Allegations that a chemical factory contaminated underground water supplies used for drinking and irrigation are being investigated by the environmental watchdog in Shijiazhuang, Hebei province, officials said on Saturday.
The city government organized an investigative team, which collected water samples from polluted farmland in Xinle - a county-level city - the watchdog said on WeChat.
Investigators have been sent to nearby factories to pinpoint the sources of contamination, and anyone involved in illegal waste discharge will be held accountable, the statement said.
The probe came after Beijing News reported on Thursday that farmers in Xinle's Minzhen village found irrigation water to be "as white as milk", and that it thickened and made the soil white.
Villagers told the newspaper that about 60 families in the neighborhood had stopped drinking the water drawn from their wells several years ago, and started fetching water from elsewhere for culinary use.
The report said villagers suspected that a glasswork factory in neighboring Xingtang county was to blame for the potentially lethal contamination, but did not give the factory's name or the villagers' reasons of their speculation.
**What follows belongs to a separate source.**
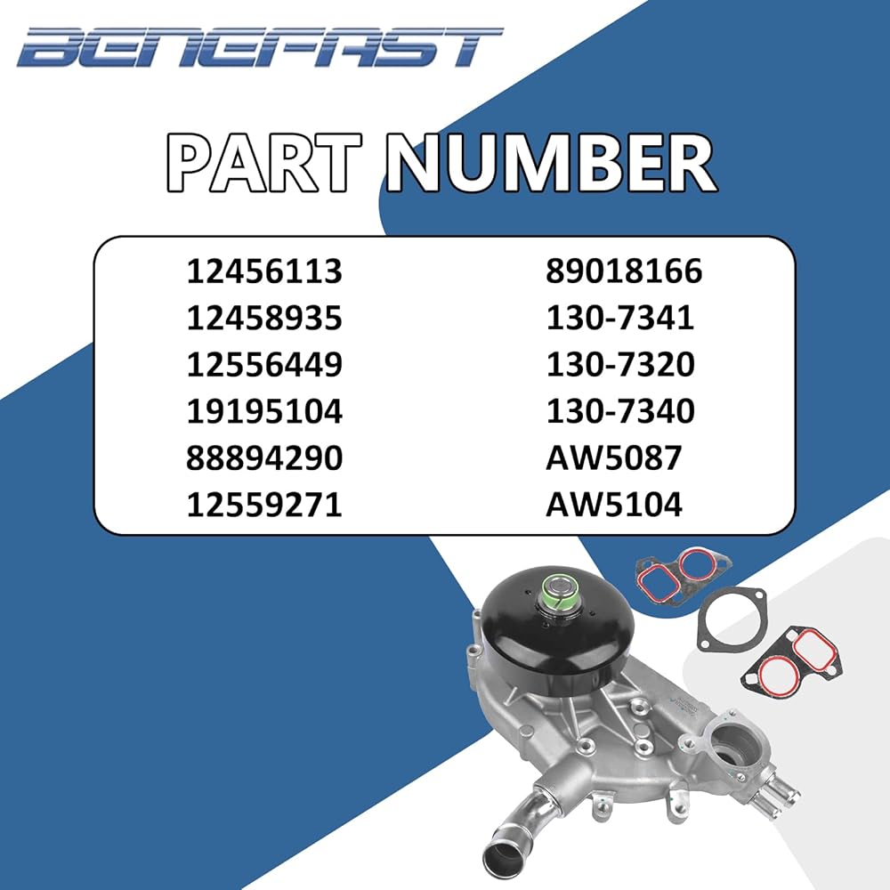 130-7341 130-7320 Water Pump with Gaskets Fits for Chevy Silverado Suburban SSR Tahoe Trailblazer GMC Savana Sierra Yukon Replaces 19195104 12456113

Authorities in Xingtang were first alerted to the pollution by provincial environmental inspectors in October, but subsequent water monitoring found no abnormalities in the wells used for irrigation, nor in sewage treatment plants.
Later, the problem was reported to the municipal pollution watchdog, which ordered a re-examination of the complaints.
An investigation in February determined that it was possible the contamination might be related to the remnants of a chemical factory that was shut down in 2014.
Investigators from Xingtang said they collected water samples in February, but the result has not been released.